──────── PROVIDED RECORDS ────────

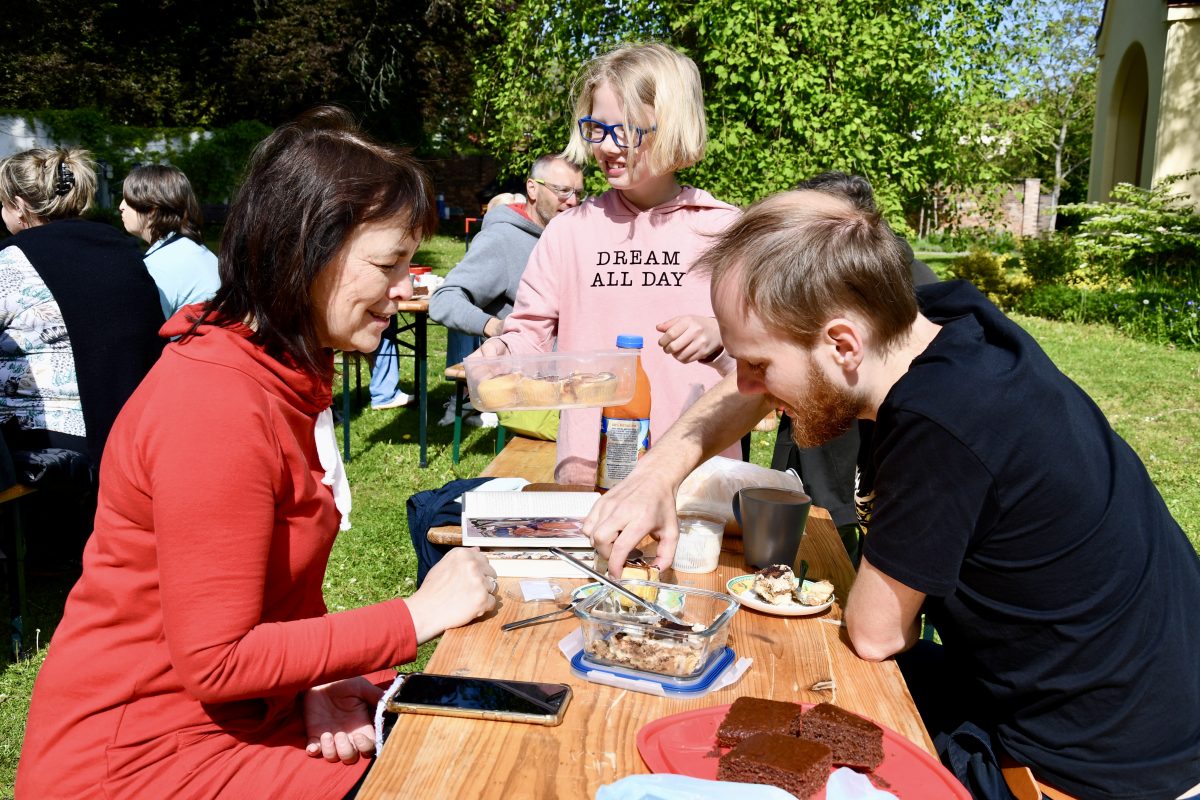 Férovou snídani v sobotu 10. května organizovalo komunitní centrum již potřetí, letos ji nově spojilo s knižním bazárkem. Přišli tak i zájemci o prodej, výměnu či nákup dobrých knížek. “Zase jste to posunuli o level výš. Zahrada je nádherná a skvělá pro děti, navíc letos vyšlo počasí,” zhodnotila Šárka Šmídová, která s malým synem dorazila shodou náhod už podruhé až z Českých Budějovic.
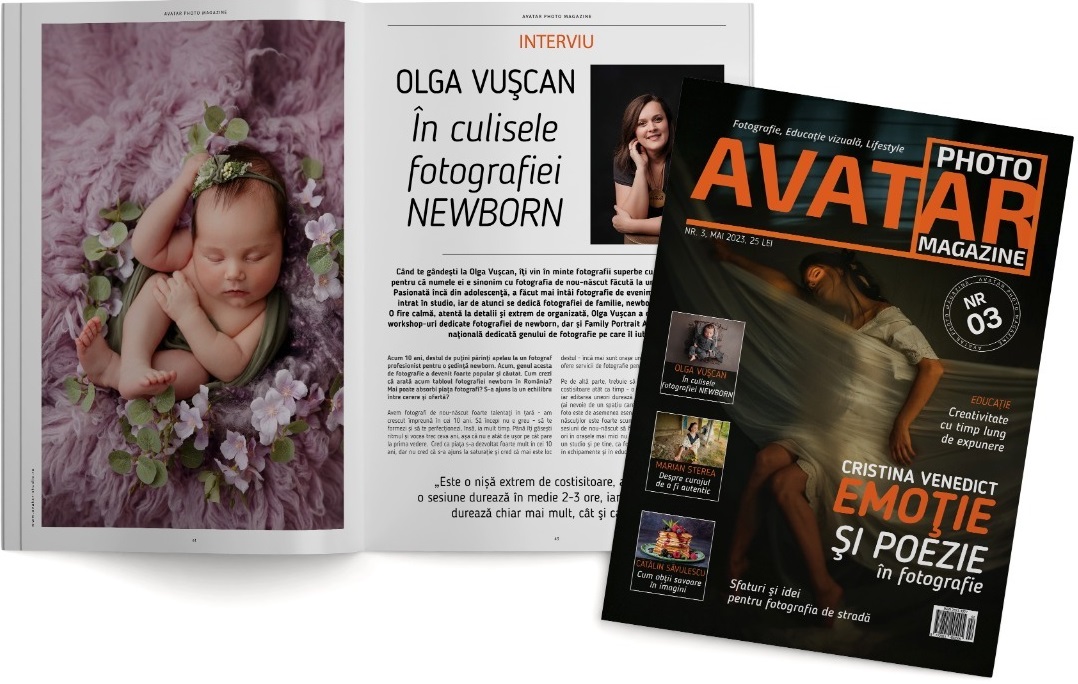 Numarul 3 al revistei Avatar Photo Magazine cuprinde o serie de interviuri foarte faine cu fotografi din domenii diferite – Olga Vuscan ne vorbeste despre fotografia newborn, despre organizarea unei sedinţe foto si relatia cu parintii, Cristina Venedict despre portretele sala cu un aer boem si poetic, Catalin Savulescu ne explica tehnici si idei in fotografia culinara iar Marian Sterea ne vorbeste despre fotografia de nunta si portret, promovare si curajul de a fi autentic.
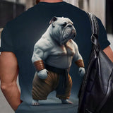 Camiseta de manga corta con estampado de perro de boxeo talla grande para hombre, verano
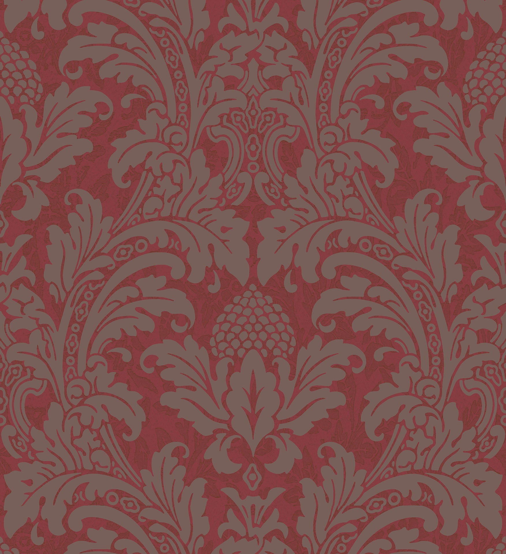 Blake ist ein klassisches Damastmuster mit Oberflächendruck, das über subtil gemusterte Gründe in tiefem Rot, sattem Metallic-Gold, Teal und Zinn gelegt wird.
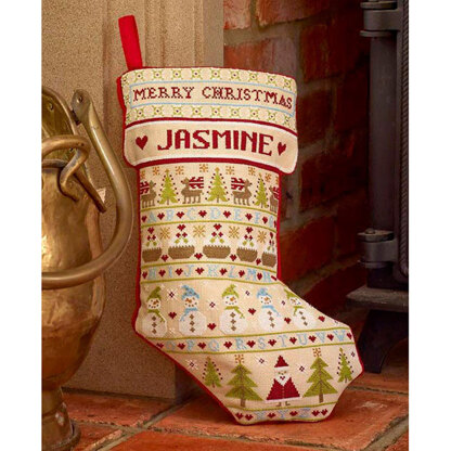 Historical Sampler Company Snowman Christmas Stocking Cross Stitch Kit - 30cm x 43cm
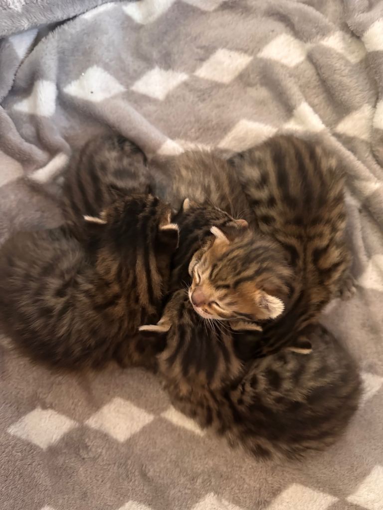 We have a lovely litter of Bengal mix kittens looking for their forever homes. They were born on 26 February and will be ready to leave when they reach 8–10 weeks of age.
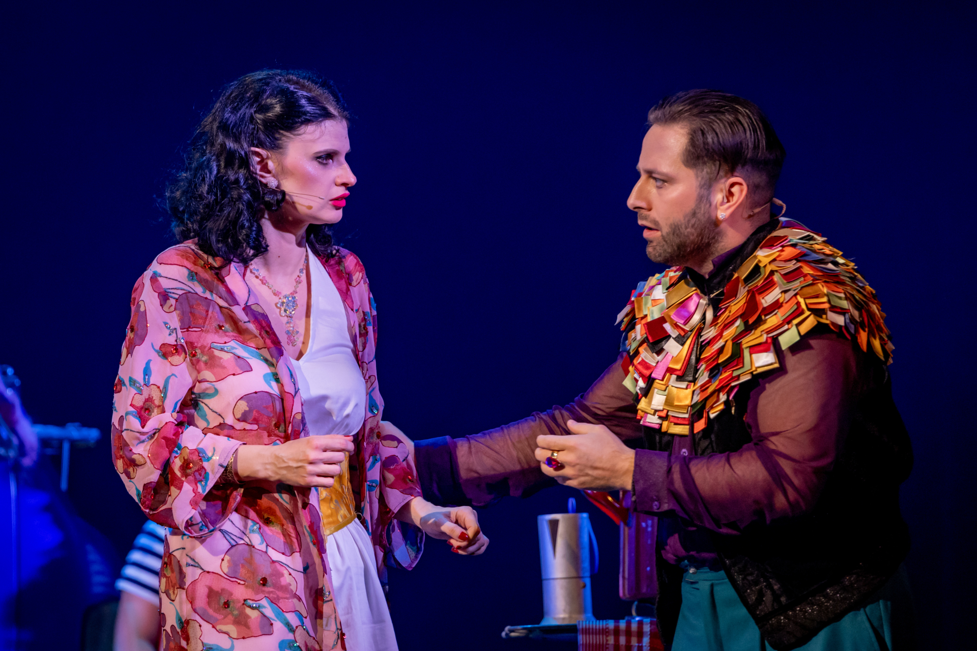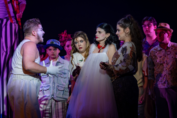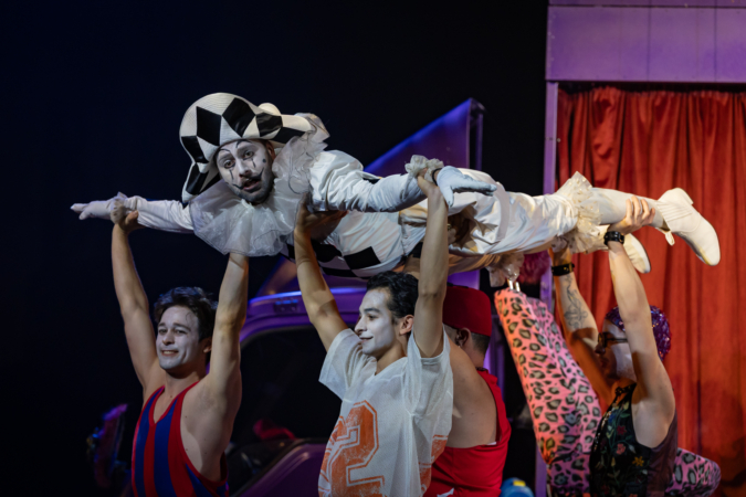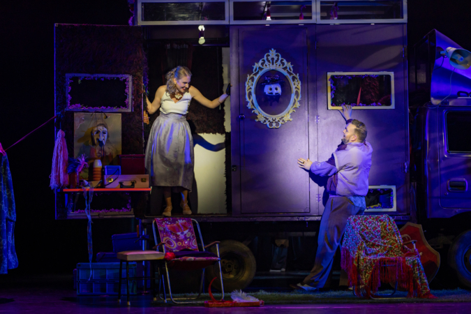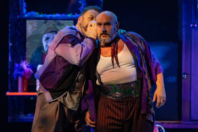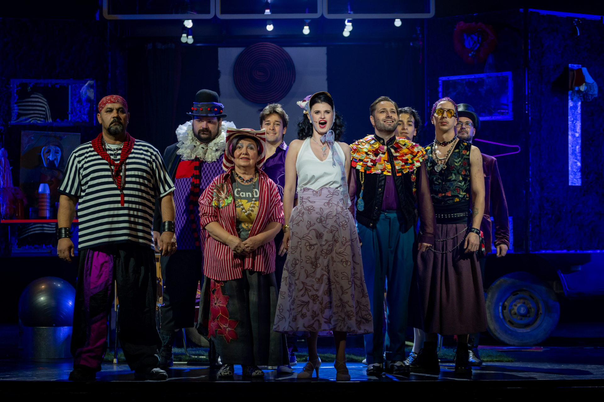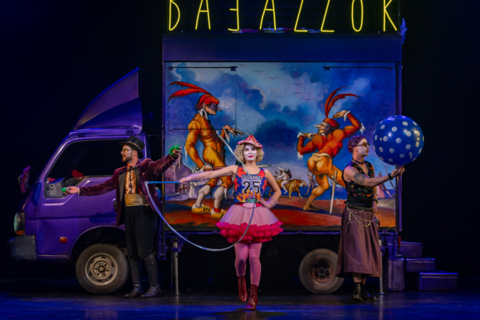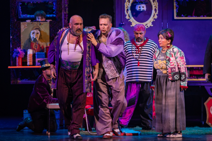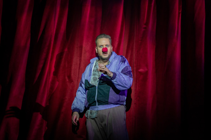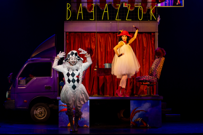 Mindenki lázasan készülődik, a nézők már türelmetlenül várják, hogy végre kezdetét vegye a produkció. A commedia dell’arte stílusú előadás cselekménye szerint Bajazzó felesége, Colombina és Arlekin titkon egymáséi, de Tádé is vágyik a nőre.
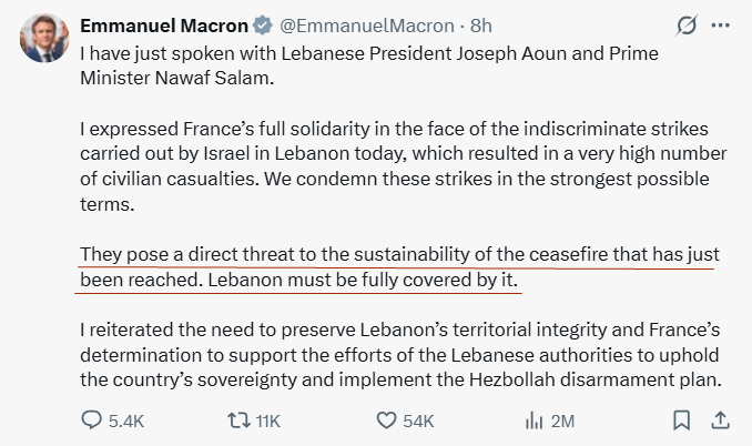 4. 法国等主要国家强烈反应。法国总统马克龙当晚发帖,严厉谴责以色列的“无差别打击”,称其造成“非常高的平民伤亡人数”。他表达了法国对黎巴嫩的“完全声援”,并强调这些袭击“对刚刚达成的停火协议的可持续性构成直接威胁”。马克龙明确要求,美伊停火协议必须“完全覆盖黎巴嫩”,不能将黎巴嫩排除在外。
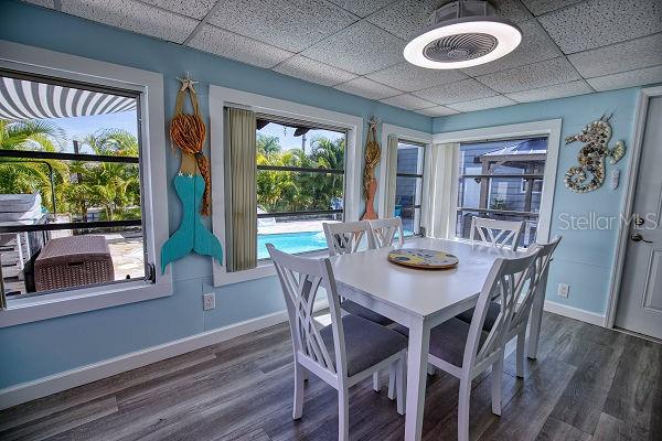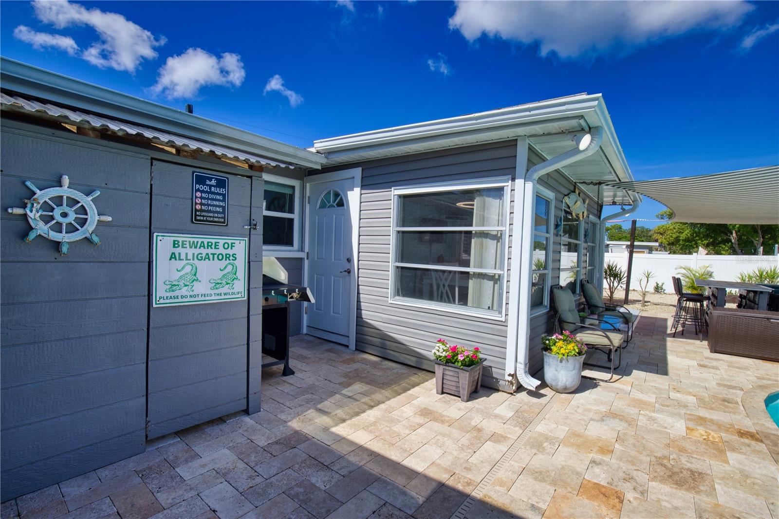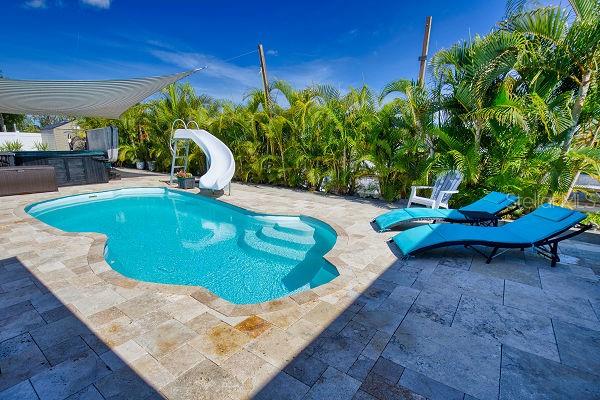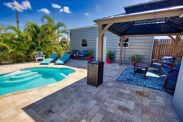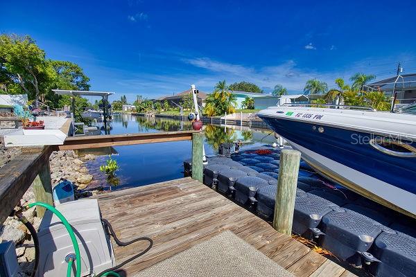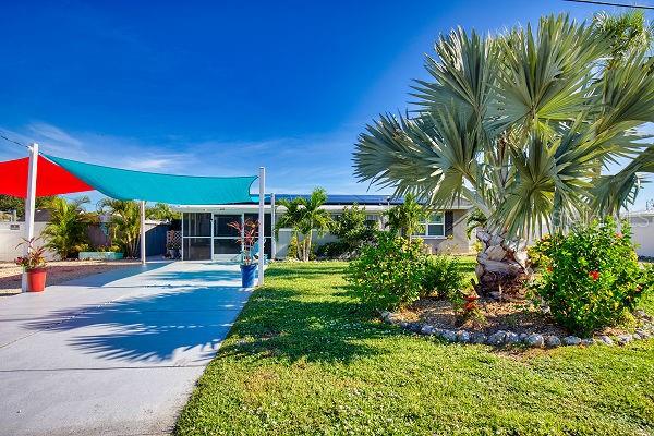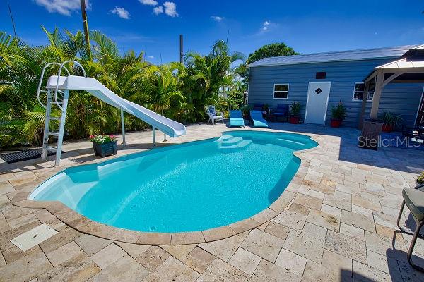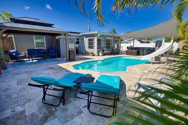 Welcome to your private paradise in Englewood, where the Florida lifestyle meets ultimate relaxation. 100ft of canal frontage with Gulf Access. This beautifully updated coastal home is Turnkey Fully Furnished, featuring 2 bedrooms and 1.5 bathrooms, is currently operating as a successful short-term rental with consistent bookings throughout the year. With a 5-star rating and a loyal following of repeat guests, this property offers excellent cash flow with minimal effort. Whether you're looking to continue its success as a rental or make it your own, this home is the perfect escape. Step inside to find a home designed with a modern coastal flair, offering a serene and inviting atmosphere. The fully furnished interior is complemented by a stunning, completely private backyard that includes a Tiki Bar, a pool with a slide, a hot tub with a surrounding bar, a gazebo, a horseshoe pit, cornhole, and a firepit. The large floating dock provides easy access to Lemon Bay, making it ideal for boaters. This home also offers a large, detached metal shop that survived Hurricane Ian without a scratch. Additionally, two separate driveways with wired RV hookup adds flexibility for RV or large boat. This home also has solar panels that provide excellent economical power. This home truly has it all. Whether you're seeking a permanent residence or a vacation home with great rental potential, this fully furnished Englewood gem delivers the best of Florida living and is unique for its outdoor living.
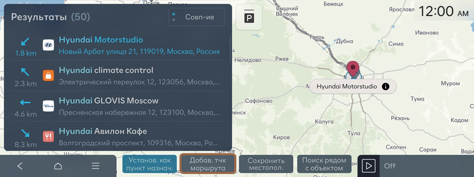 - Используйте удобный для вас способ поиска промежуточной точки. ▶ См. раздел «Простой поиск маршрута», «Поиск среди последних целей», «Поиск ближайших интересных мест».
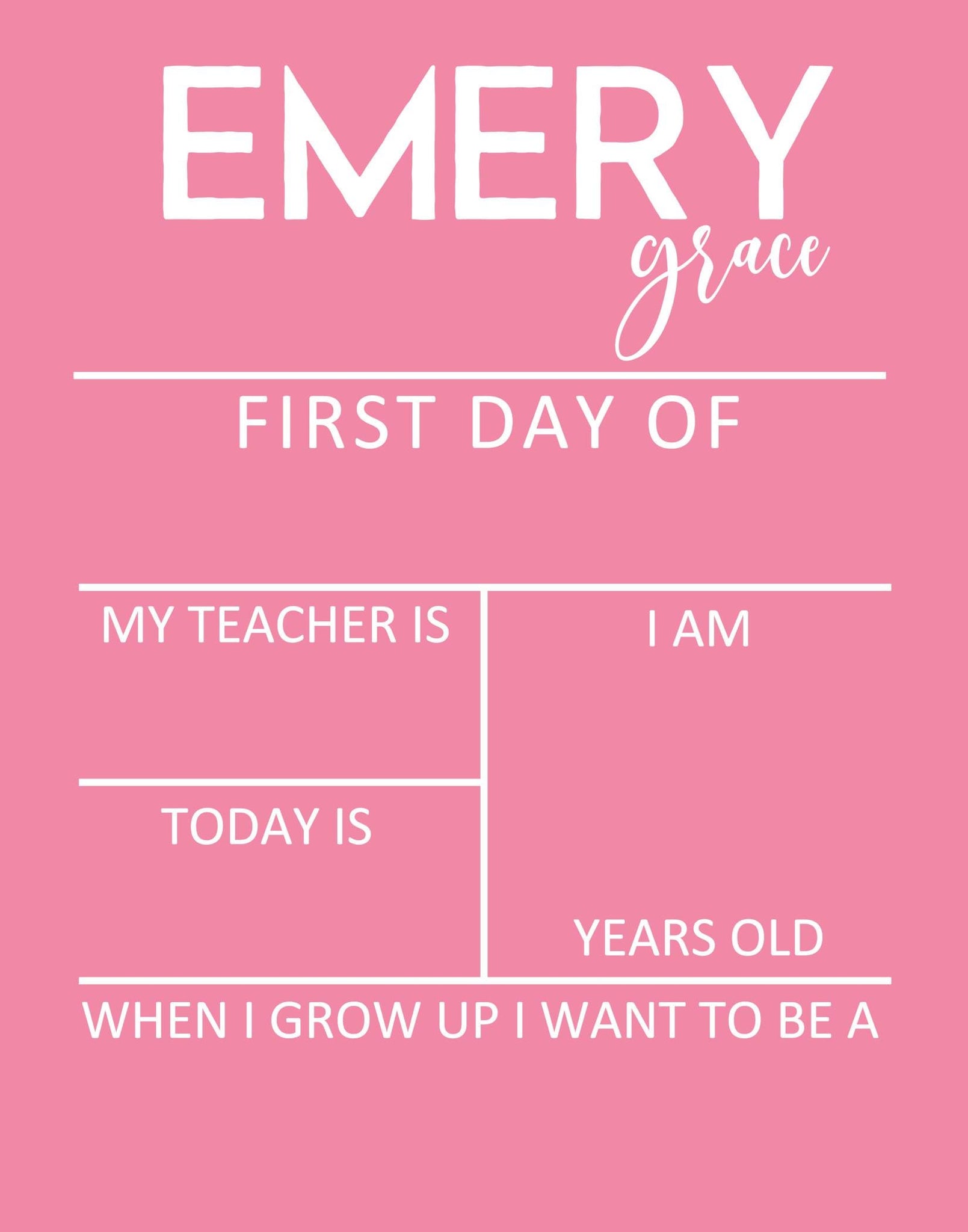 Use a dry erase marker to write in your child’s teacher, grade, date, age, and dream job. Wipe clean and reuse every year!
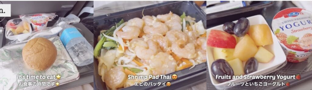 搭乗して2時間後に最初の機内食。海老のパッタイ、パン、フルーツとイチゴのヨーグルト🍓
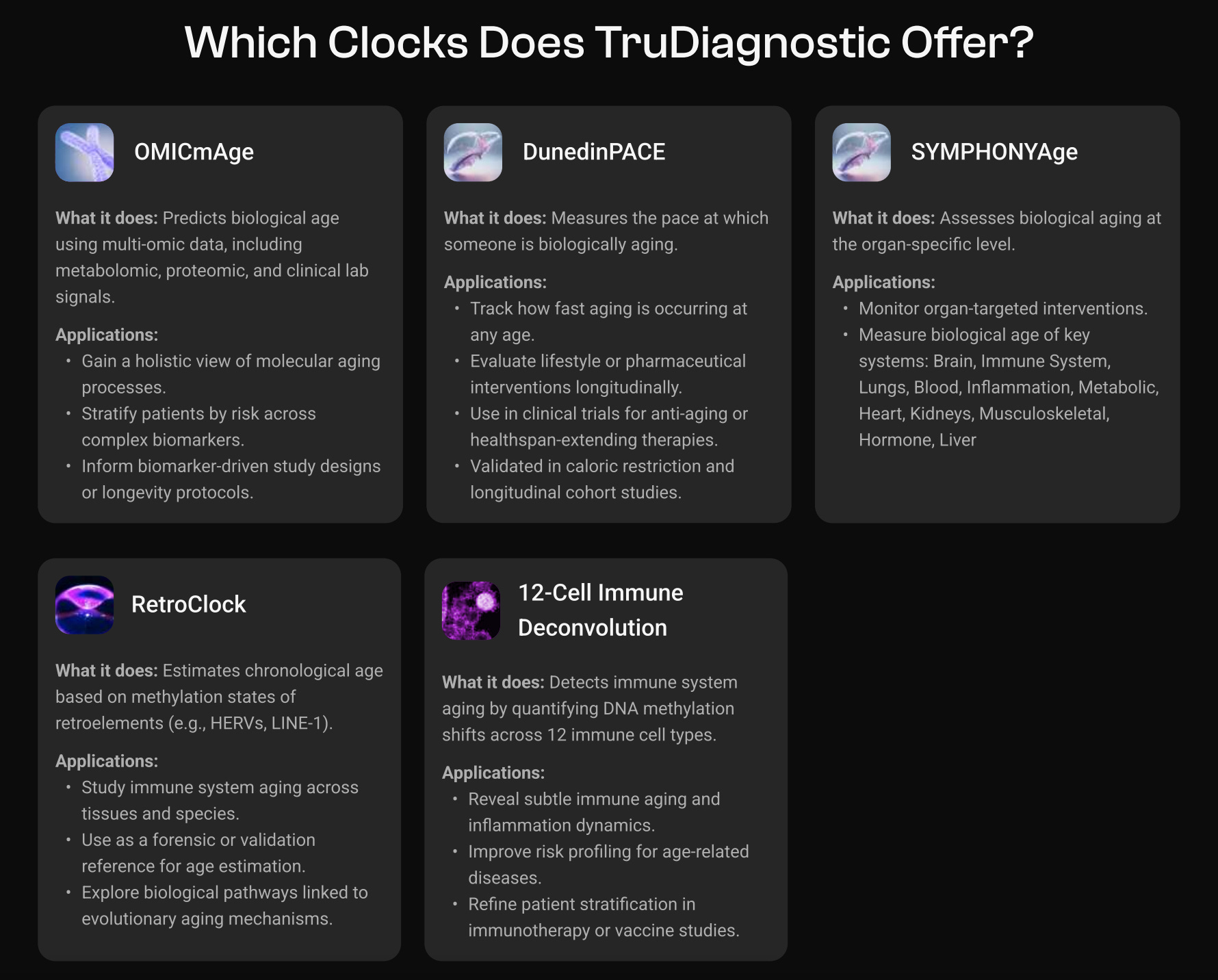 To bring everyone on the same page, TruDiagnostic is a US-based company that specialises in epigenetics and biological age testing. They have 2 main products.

────────

- [REQUIRED ACTION]
An exact copy is needed of the entries above, starting at the line that holds "Mindenki lázasan készülődik, a" and stopping at the line that holds "4. 法国等主要国家强烈反应", both kept; pictures stay out.

- [EXERCISE ANSWER]
 Mindenki lázasan készülődik, a nézők már türelmetlenül várják, hogy végre kezdetét vegye a produkció. A commedia dell’arte stílusú előadás cselekménye szerint Bajazzó felesége, Colombina és Arlekin titkon egymáséi, de Tádé is vágyik a nőre.
 4. 法国等主要国家强烈反应。法国总统马克龙当晚发帖,严厉谴责以色列的“无差别打击”,称其造成“非常高的平民伤亡人数”。他表达了法国对黎巴嫩的“完全声援”,并强调这些袭击“对刚刚达成的停火协议的可持续性构成直接威胁”。马克龙明确要求,美伊停火协议必须“完全覆盖黎巴嫩”,不能将黎巴嫩排除在外。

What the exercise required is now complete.